A gas occupies a volume of 256mL at a pressure of 250torr at 32 degrees Celsius. Calculate the pressure (in atmosphere)if the volume is reduced to 156mL and the temp is increased to 62 degrees Celsius. I really need the formula that I would be using. I am confused because using PV=nRT there is no moles being given here.

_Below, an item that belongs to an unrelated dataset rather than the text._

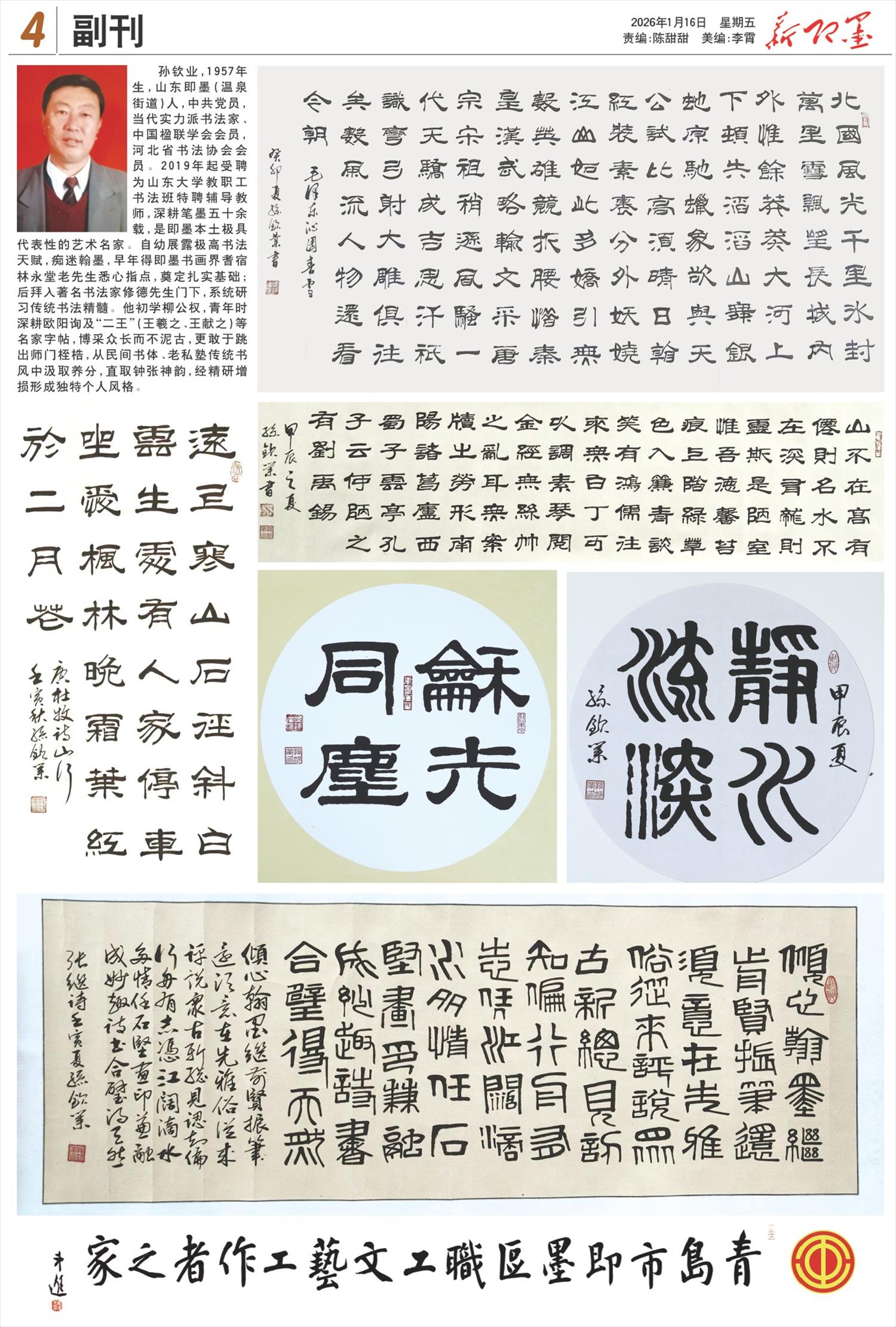 孙钦业,1957年生,山东即墨(温泉街道)人,中共党员,当代实力派书法家、中国楹联学会会员,河北省书法协会会员。2019年起受聘为山东大学教职工书法班特聘辅导教师,深耕笔墨五十余载,是即墨本土极具代表性的艺术名家。自幼展露极高书法天赋,痴迷翰墨,早年得即墨书画界耆宿林永堂老先生悉心指点,奠定扎实基础;后拜入著名书法家修德先生门下,系统研习传统书法精髓。他初学柳公权,青年时深耕欧阳询及“二王”(王羲之、王献之)等名家字帖,博采众长而不泥古,更敢于跳出师门桎梏,从民间书体、老私塾传统书风中汲取养分,直取钟张神韵,经精研增损形成独特个人风格。

I surely would appreciate it. THanks!
Two ways to do it.
Use PV = nRT for the first set of conditions and solve for n, then redo PV = nRT, use the n from above and the new conditions, and solve for pressure.
Second way is to use
(P1V1/T1) = (P2V2/T2)
The second way is a little shorter since you cut out the solving for n step.
Thanks! I knew the formula but wasn't quite sure if i convert mL to L in the formula. I know that I must covert C to K and Torr to Atm for the equation.
.628 atm
To solve this problem, you can use the combined gas law equation, which relates the initial and final conditions of pressure, volume, and temperature of a gas sample. The formula is:
(P₁ * V₁) / (T₁) = (P₂ * V₂) / (T₂)
Where:
P₁ = initial pressure
V₁ = initial volume
T₁ = initial temperature
P₂ = final pressure (which we need to calculate)
V₂ = final volume (156 mL in this case)
T₂ = final temperature (62 degrees Celsius in this case)
Since you are given the temperature in Celsius, you will need to convert it to Kelvin by adding 273.15 to the Celsius temperature.
Now, let's substitute the given values into the formula:
(P₁ * V₁) / (T₁) = (P₂ * V₂) / (T₂)
Substituting the values:
(250 torr * 256 mL) / (32 + 273.15 K) = (P₂ * 156 mL) / (62 + 273.15 K)
To calculate P₂, rearrange the formula to solve for P₂:
P₂ = [(250 torr * 256 mL) / (32 + 273.15 K)] * [(62 + 273.15 K) / 156 mL]
Now, plug in the numbers and calculate:
P₂ = [(250 torr * 256 mL) / (32 + 273.15 K)] * [(62 + 273.15 K) / 156 mL]
P₂ ≈ 1.62 atm
Therefore, the pressure in atmospheres (atm) when the volume is reduced to 156 mL and the temperature is increased to 62 degrees Celsius is approximately 1.62 atm.